▸ What this task involves
For the entries that follow, retype exactly the lines from the one containing "u predmetnom postupku" to the one containing "Создано на основе", inclusive, and only those. Images stay out of the copy.

▸ Dataset entries
========
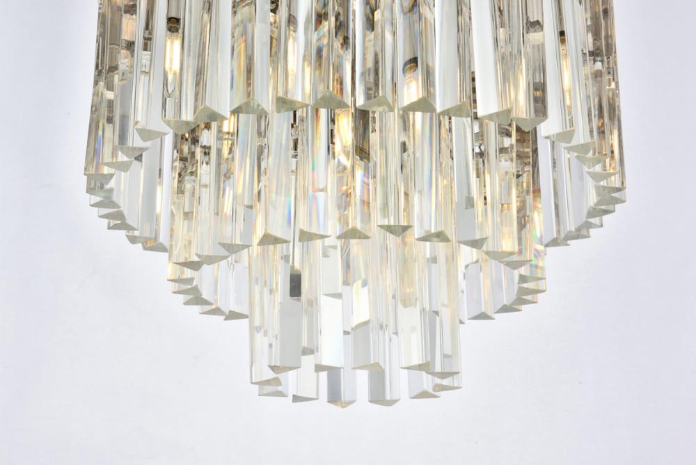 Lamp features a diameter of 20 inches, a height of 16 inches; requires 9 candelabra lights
========
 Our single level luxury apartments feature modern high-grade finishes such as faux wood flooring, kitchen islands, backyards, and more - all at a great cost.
========
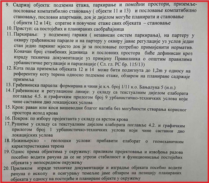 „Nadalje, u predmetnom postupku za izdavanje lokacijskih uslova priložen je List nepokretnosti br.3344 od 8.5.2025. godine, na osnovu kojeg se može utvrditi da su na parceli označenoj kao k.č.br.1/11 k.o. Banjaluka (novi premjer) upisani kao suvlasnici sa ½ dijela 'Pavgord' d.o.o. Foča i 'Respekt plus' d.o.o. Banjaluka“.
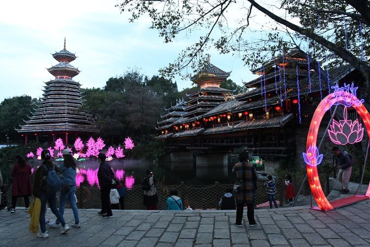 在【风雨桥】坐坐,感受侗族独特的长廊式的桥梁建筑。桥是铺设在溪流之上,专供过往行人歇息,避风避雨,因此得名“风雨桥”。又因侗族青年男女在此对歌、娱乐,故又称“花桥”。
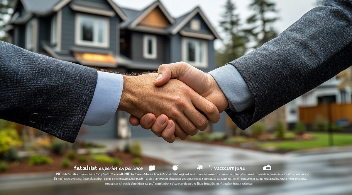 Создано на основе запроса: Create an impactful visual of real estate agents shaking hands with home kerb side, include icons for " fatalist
========
▸ Response area
 „Nadalje, u predmetnom postupku za izdavanje lokacijskih uslova priložen je List nepokretnosti br.3344 od 8.5.2025. godine, na osnovu kojeg se može utvrditi da su na parceli označenoj kao k.č.br.1/11 k.o. Banjaluka (novi premjer) upisani kao suvlasnici sa ½ dijela 'Pavgord' d.o.o. Foča i 'Respekt plus' d.o.o. Banjaluka“.
 在【风雨桥】坐坐,感受侗族独特的长廊式的桥梁建筑。桥是铺设在溪流之上,专供过往行人歇息,避风避雨,因此得名“风雨桥”。又因侗族青年男女在此对歌、娱乐,故又称“花桥”。
 Создано на основе запроса: Create an impactful visual of real estate agents shaking hands with home kerb side, include icons for " fatalist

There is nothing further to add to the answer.